Oldwiki.scinet.utoronto.ca:System Alerts

From oldwiki.scinet.utoronto.ca
Jump to navigation Jump to search

System Status

upGPC upTCS upSandy upGravity upBGQ Up.pngFile System
upP7 upP8 upKNL upViz upHPSS

Fri Aug 18 13:20:56 EDT 2017 We need to have an emergency shutdown of all compute systems to fix a cooling issue that has arisen. Should be back up this afternoon. We will try and keep the login nodes and stroage online, however all the compute nodes will need to be shutdown.

Sat Aug 5 16:48:44 EDT 2017 The switch is fixed. Scinet0[2-4] and datamovers are back online.

Sat Aug 5 00:56:31 EDT 2017 Most of GPC will be accessible soon. Lost a switch, scinet0[2-4] and datamovers will be down until it's fixed.
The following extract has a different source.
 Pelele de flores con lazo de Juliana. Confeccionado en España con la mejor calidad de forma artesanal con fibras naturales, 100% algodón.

Scinet01 may be login using its IP address; "ssh 142.150.188.51".

Fri Aug 4 17:45:10 EDT 2017 The chiller went down again, causing a full shutdown of all systems. We don't expect them back tonight, as the storm continues and power outages continue with it.
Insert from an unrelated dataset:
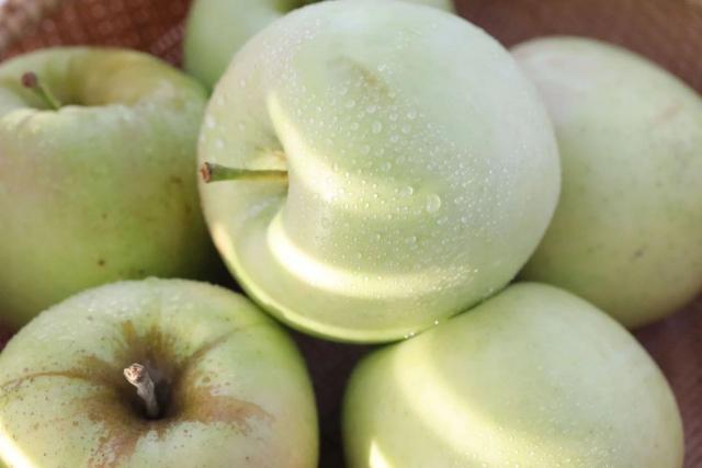 采摘的苹果都是手工挑选的,去除了一个小口感差的次等果。

Fri Aug 4 17:11:08 EDT 2017 A power glitch took down all the compute nodes, including GPC, TCS, BGQ. The filesystems are up, except for reserved1 and scratchtcs. Systems are being restored.

Tue Jun 13 11:24:15 EDT 2017 HPSS is back on service.

Sat Jun 10 21:38:37 EDT 2017 The robot arm on the HPSS library developed problems. HPSS is out of service until further notice.

Tue May 23 13:40:56 EDT 2017 HPSS is back on service.

Mon May 22 07:37:27 EDT 2017 Overnight the robot arm on the library developed problems. We may not be able to have support come in and have it fixed until Tuesday. In the meantime HPSS is out of service

Thu May 18 13:00:00 EDT 2017 File system seem resolved. Please check your jobs and resubmit if they had issues.

Thu May 18 12:00:00 EDT 2017 File system issues and some jobs may have died. Investigating.